= Revolutionary Struggle (Ireland) =

Revolutionary Struggle was a small militant Irish Althusserian group active in Dublin from 1975 until 1985. It produced a quarterly magazine entitled The Ripening of Time which provided a Marxist–Leninist analysis of the political situation in Ireland. The group was led by Michael Youlton, a man known as "Mick the Greek", and was heavily influenced by Italian groups such as the Red Brigades and Prima Linea.

Members of the group were involved in various causes and campaigns in the early 1980s, working with local campaign groups such as the Anti Amendment Campaign that campaigned against the pro-life amendment to the Irish Constitution.

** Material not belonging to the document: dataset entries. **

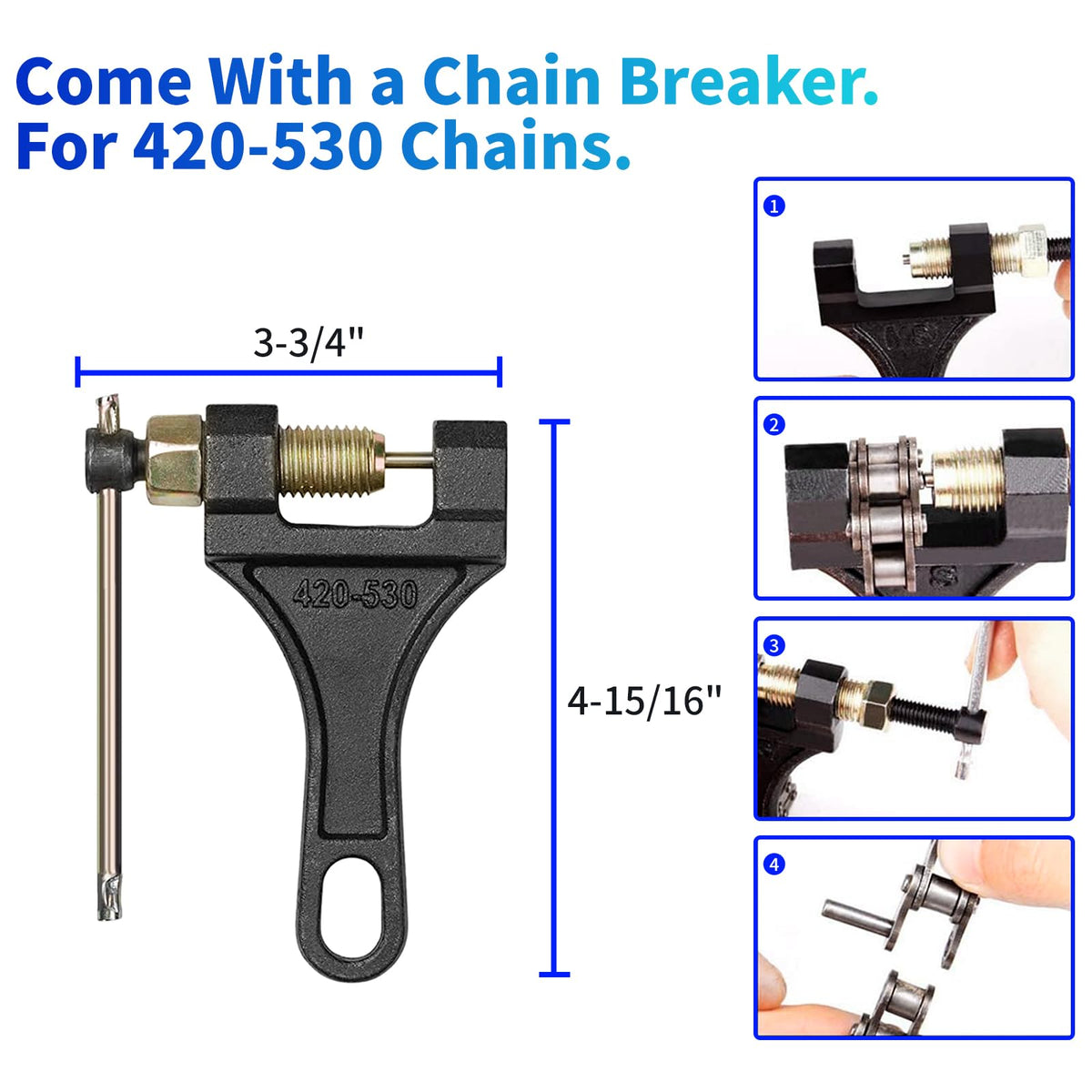 Heavy-duty 420 Chain 90 Link with Chain Breaker & 5 Connecting Links Specifications: Chain No.: 420 Pitch: 1/2'' Roller Width: 1/4'' Roller Diameter: 5/16'' Sprocket Thickness: 0.227'' Chain total length 44.92'' in 90 links Color: Silver Material: Alloy Steel This 420 chain for mini bike is compatible with: Cole man Powersports CT200U, CT200U-EX, CT200U Trail, BT200X Baja Motorsports Mini Bike MB165, MB200 (Heat, Mini Baja, Warrior) Hensim Mini Bike MB165, MB200 (Heat, Mini Baja, Warrior) Massimo/TrailMaster MB200 Axis M200 Tomberlin Firehawk 6.0 Hp Tao Tao DB24 Dirt Bike 110cc Ka wasaki KLX110 2010-2020 110cc, KLX110L 2010-2020 110cc Yama ha Big Wheel 80 1986-1990 80cc, TTR110E 2009-2023 110cc, YZ50 1980 50cc Note: The Baja Mini Bike uses two chains, a shorter 42 link and this 90 link. Please make sure which chain you need. Proper Lubrication Before starting, gather a chain cleaner, lube, rag, and chain brush. Thoroughly clean the chain before lubrication. Apply a gentle spray to the sprocket teeth contact area, allowing the chain to complete one full revolution. Lightly spray the outer panels during another revolution, then cover the inner side panels on a subsequent revolution. Avoid excessive lubricant, as it can attract dirt and become abrasive, causing premature wear and undermining the lubrication's effectiveness. Chain Installation ? Attach the new chain to the end of the old one with a new connecting link. Turning the rear wheel will bring the new chain into position. ? When replacing a fresh chain, connect both ends with a new connecting link. We recommend lubricating the new connecting link. ? For clip-type connecting links (FJ, RJ), place the open end opposite the chain driving direction. ? Adjust the chain according to the motorcycle maker's instructions. Package Includes: 1 420 Chain 90 Link 1 Chain Breaker 5 Connecting Master Links
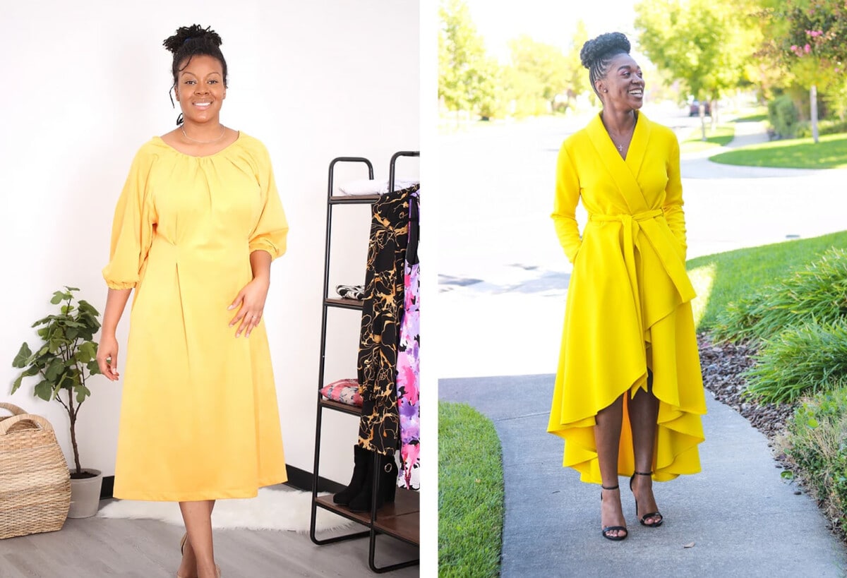 Grace Puffy Sleeve Dress by Style Sew Me & Tory Wrap Coat by Monto Mayo.
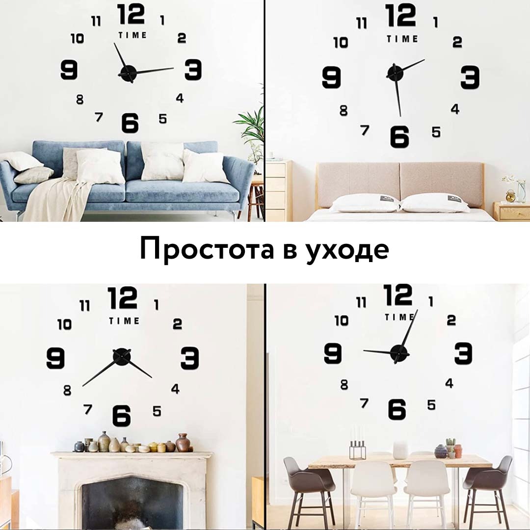 Главная особенность этих часов - регулируемый размер от 60 до 90 см в диаметре. Благодаря этому вы сможете подобрать индивидуальный размер именно под свой интерьер. Часы 3D часы дополняют интерьер, не перегружая его лишними деталями, они вписываются в уже существующую обстановку и подчеркивают ее лучшие стороны.
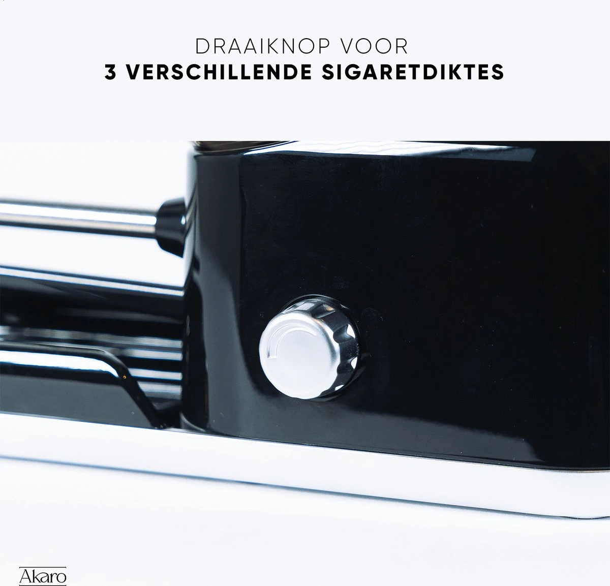 De Akaro elektrische sigarettenmaker maakt goedkoop roken gemakkelijk, ondanks alle prijsstijgingen in de tabaksindustrie. De sigarettenmaker is ontwikkeld om de perfecte sigaret te maken. Door de 3 verschillende dichtheidsstanden zijn de sigaretten zo strak als u zelf wilt. Door de hoogwaardige kwaliteit wordt het maken van sigaretten snel, makkelijk en voordelig!
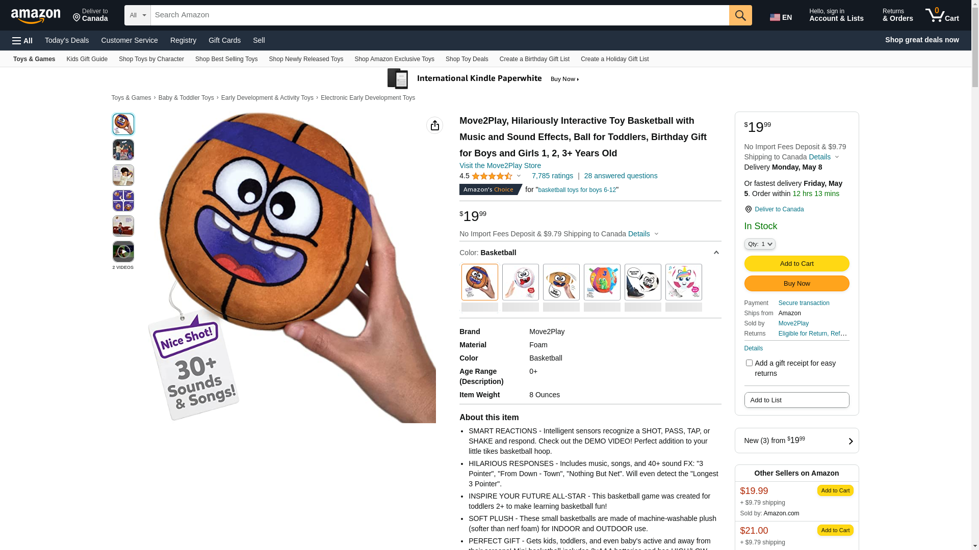 Move2Play, Hilariously Interactive Toy Basketball with Music and Sound Effects, Ball for Toddlers, Birthday Gift for Boys and Girls 1, 2, 3+ Years Old
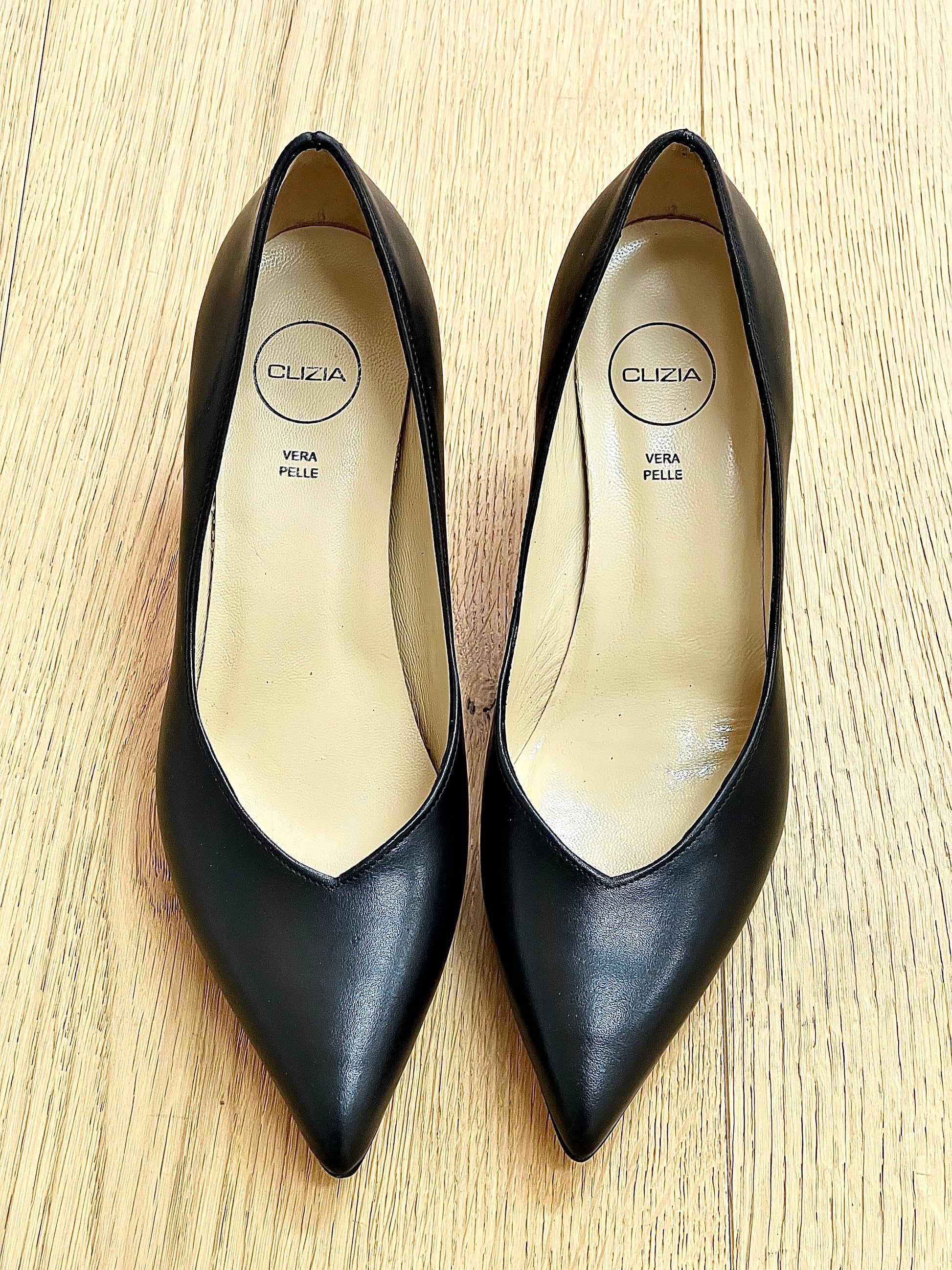 Escarpin en cuir à bout pointu avec col en V et talon bobine de 6 cm.
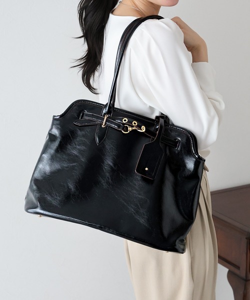 Y2Kなムードを演出するビッグトートバッグ◦POINTフロントのベルトデザインが目を惹くバッグ。光沢感のあるヴィンテージライクな合皮を使用し、Y2Kスタイルや90sの雰囲気を醸し出すトレンド感溢れるデザイン。マチがたっぷりある大きめのサイズ感のバッグなのでデイリーに使いやすく、スマートフォン、財布やハンカチ、ペットボトルなど、お出掛けに必要なアイテムも入ります。500mlのペットボトルやタブレット、お弁当箱が入る広めのマチでA4収納可能なので通勤通学にも◎ファスナー付きの内ポケットがあるのでリップなどのちょっとした小物を入れて頂くのに便利です。◦STYLINGベルトデザインが幅広いアイテムと相性が良く、ストリートっぽい韓国風コーデやシンプルコーデにも◎いつものコーディネートに合わせるだけで、一気にトレンドライクな印象に◎一つ持っているとオールシーズン活躍すること間違いなし。A4サイズも入るのでお仕事用のバッグとしてもおすすめです。◦DETAIL内側 ファスナーポケット×1調節可能なベルトデザインタグ風チャーム付き底鋲有り[ 商品のお気に入り登録 ]完売カラーの再入荷通知や、値下げのお知らせ、ラスト1点の通知などが受け取ることができます。随時再入荷していますので、お気に入り登録して頂くと再入荷情報がGET出来ます。[ ブランドのお気に入り登録 ]新商品の発売や再入荷、タイムセールやクーポン発行のお知らせなどBLUEEASTのお得な情報を受け取ることができます。ぜひご登録ください♪※撮影環境により、モデル着用画像は実際の商品と色味が異なって見える場合がございます。また、PCやスマートフォンの環境により画面上と実物では多少色が異なって見える場合がございます。トルソー画像が実際の商品に一番近いお色となりますのでご確認ください。※フェイクレザー(合皮)の商品には、染料等特有のにおいがある場合がございます。気になられる場合は、お手数ではございますが、風通しの良い直射日光の当たらない場所にてしばらく平置きで陰干しをお願い致します。

In 1981, the group shot British Leyland executive Geoffrey Armstrong three times in the legs in what was claimed as revenge for the 1981 Irish hunger strike in which seven Provisional IRA and three INLA volunteers died. The shooting took place in front of a packed lecture hall in Trinity College, Dublin. Irish investigative journalist Frank Connolly was arrested over the shooting but later released without charge. Jimmy Brown became associated with the group after he left the INLA/IRSP in the mid-80's. The group split up and dissolved by 1985 following internal disputes resulting in many members, including Terry Moore (sister of singer/songwriter Christy Moore) and Sean Murphy, going on to join Sinn Féin. Jimmy Brown went on to found the IPLO in 1986 and was shot dead in an internal feud in 1992.